> **Exercise requirements**:
Would you write out each line of the material below exactly, skipping every picture?

> **Data below**:
----------

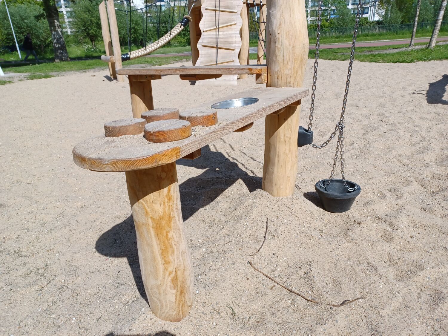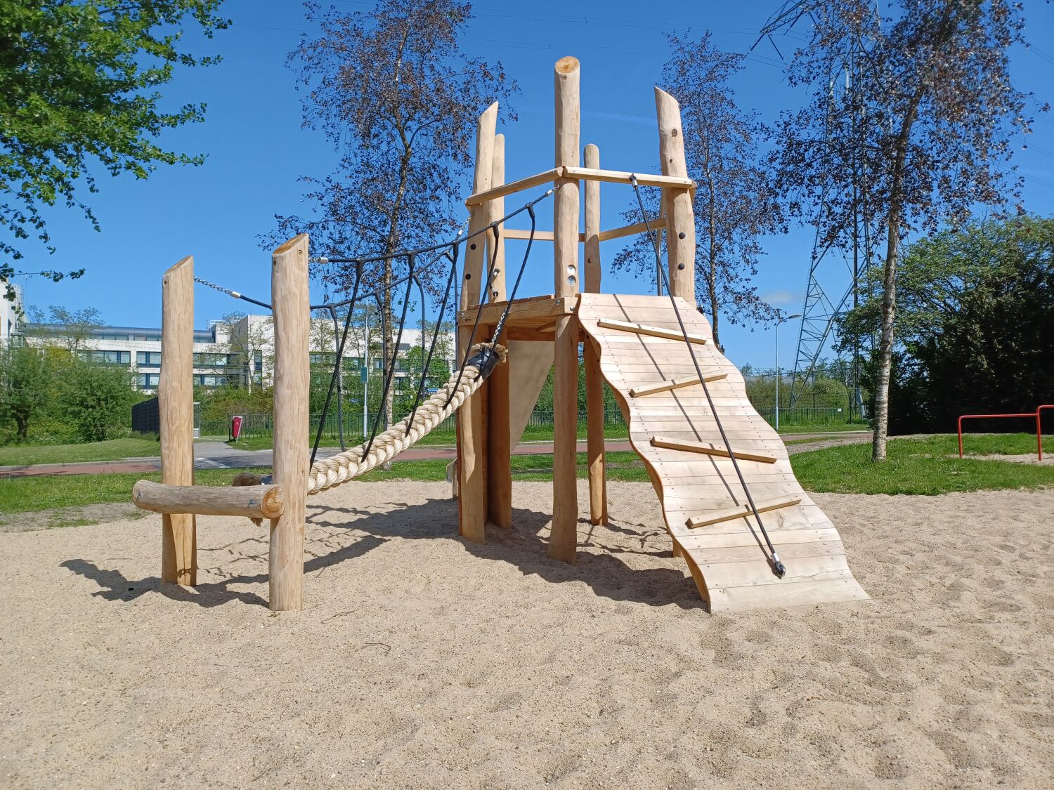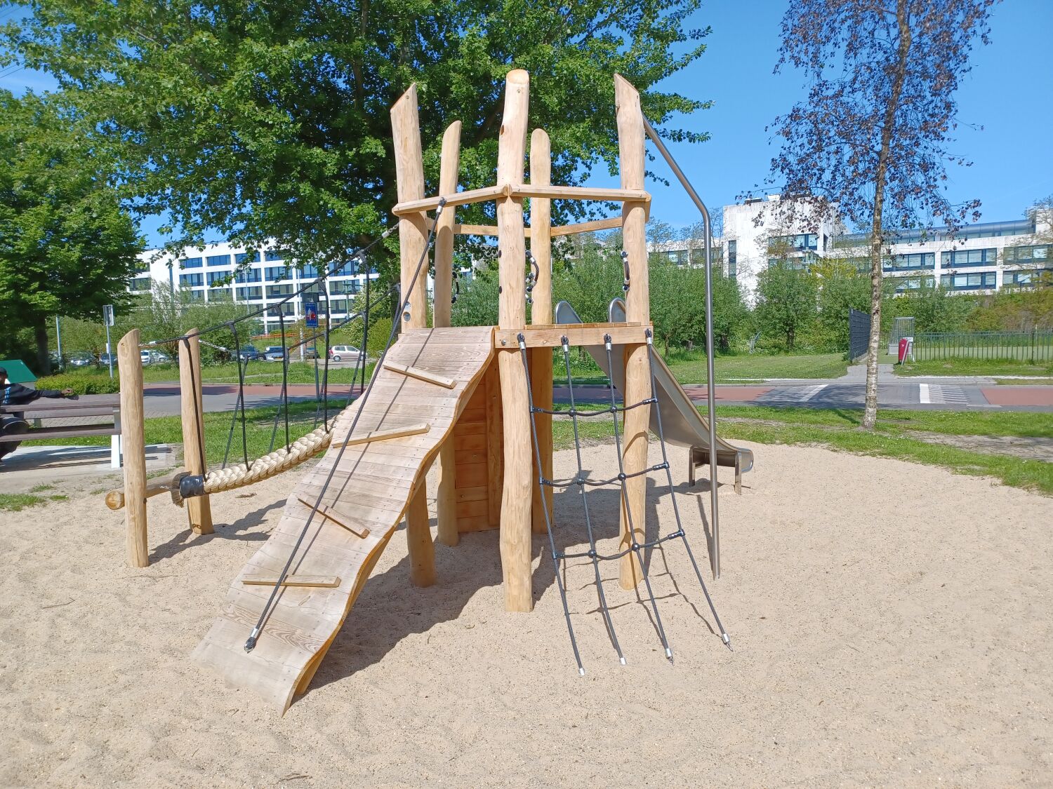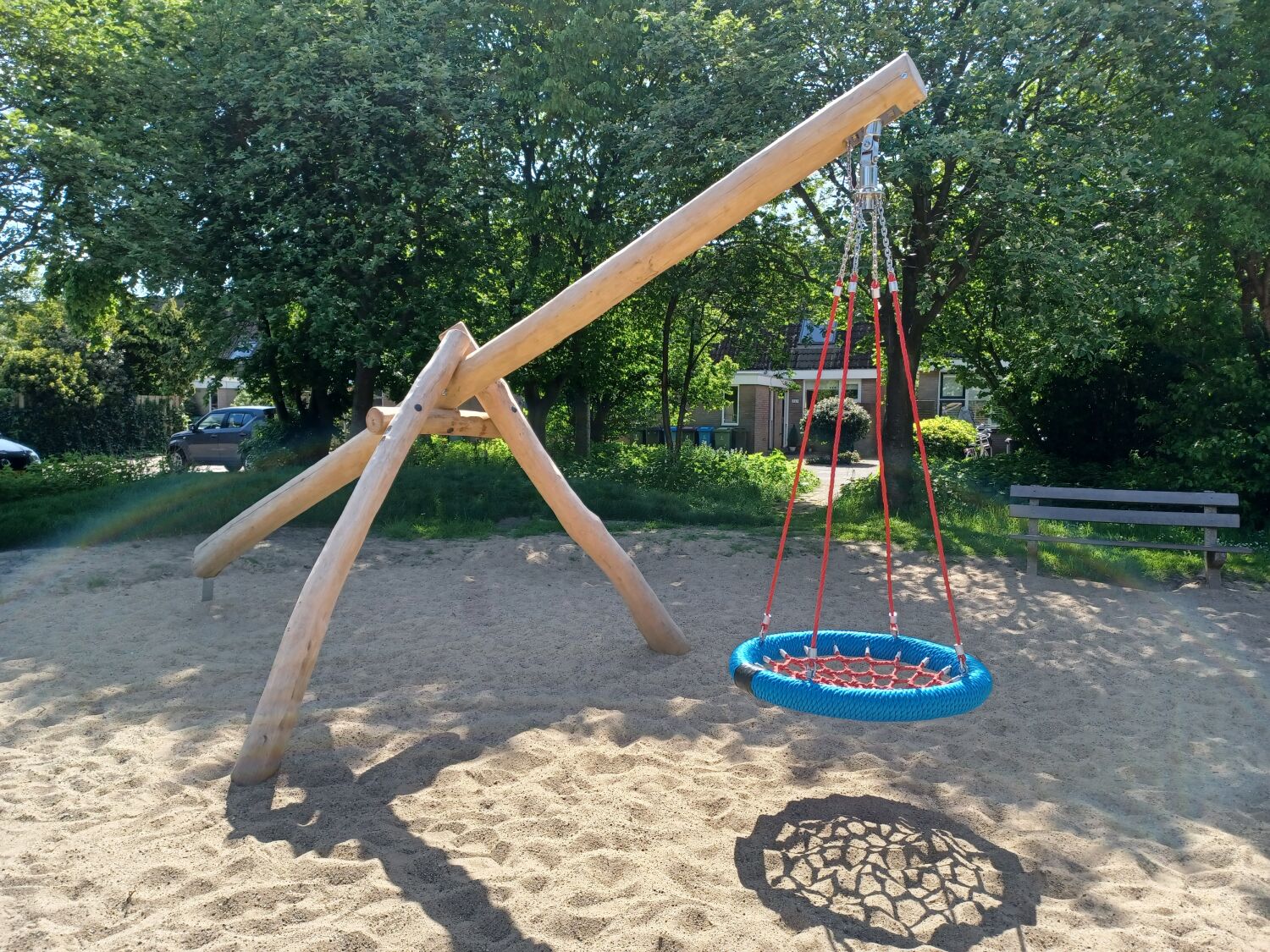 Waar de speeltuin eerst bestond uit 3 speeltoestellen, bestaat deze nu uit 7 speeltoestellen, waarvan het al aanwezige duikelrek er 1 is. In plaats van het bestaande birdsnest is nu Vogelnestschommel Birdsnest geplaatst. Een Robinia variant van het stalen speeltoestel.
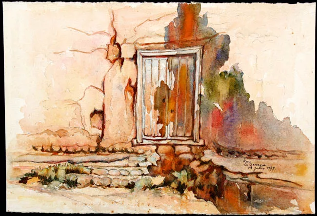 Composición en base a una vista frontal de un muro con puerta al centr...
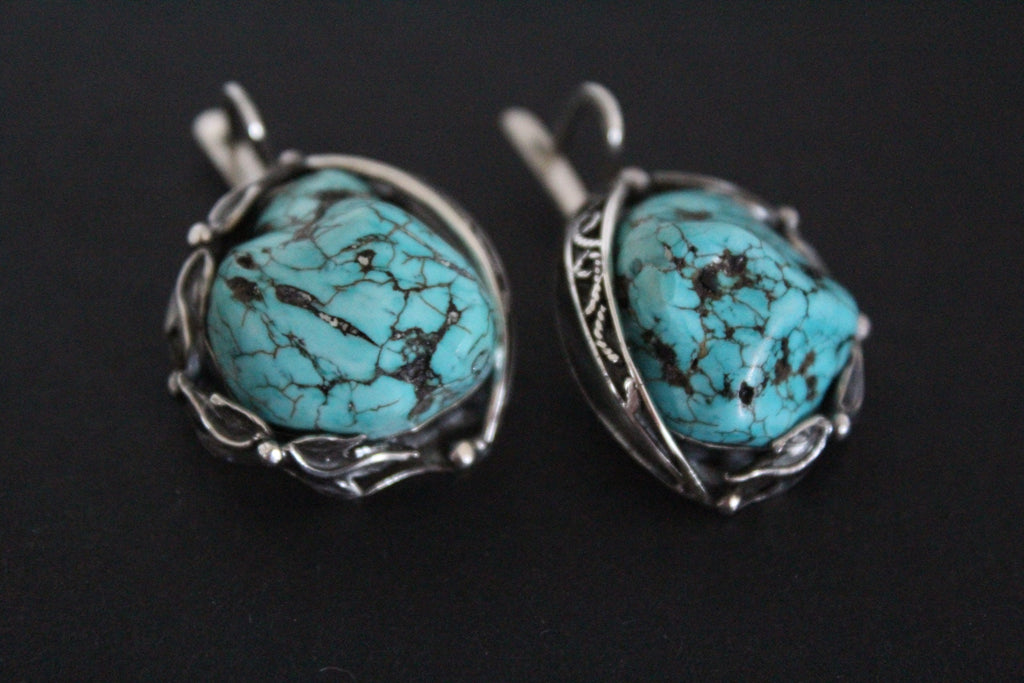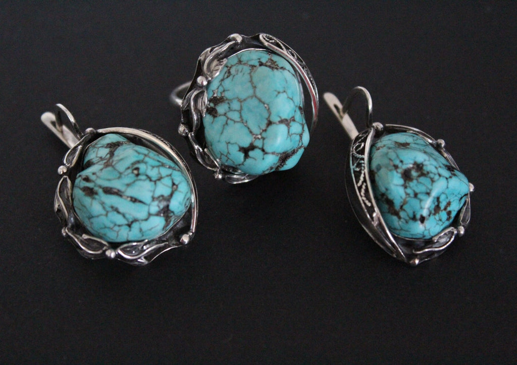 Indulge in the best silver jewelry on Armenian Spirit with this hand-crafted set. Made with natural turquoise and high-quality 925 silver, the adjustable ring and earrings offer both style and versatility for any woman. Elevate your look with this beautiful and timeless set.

----------

> **Exercise response**:
 Waar de speeltuin eerst bestond uit 3 speeltoestellen, bestaat deze nu uit 7 speeltoestellen, waarvan het al aanwezige duikelrek er 1 is. In plaats van het bestaande birdsnest is nu Vogelnestschommel Birdsnest geplaatst. Een Robinia variant van het stalen speeltoestel.
 Composición en base a una vista frontal de un muro con puerta al centr...
 Indulge in the best silver jewelry on Armenian Spirit with this hand-crafted set. Made with natural turquoise and high-quality 925 silver, the adjustable ring and earrings offer both style and versatility for any woman. Elevate your look with this beautiful and timeless set.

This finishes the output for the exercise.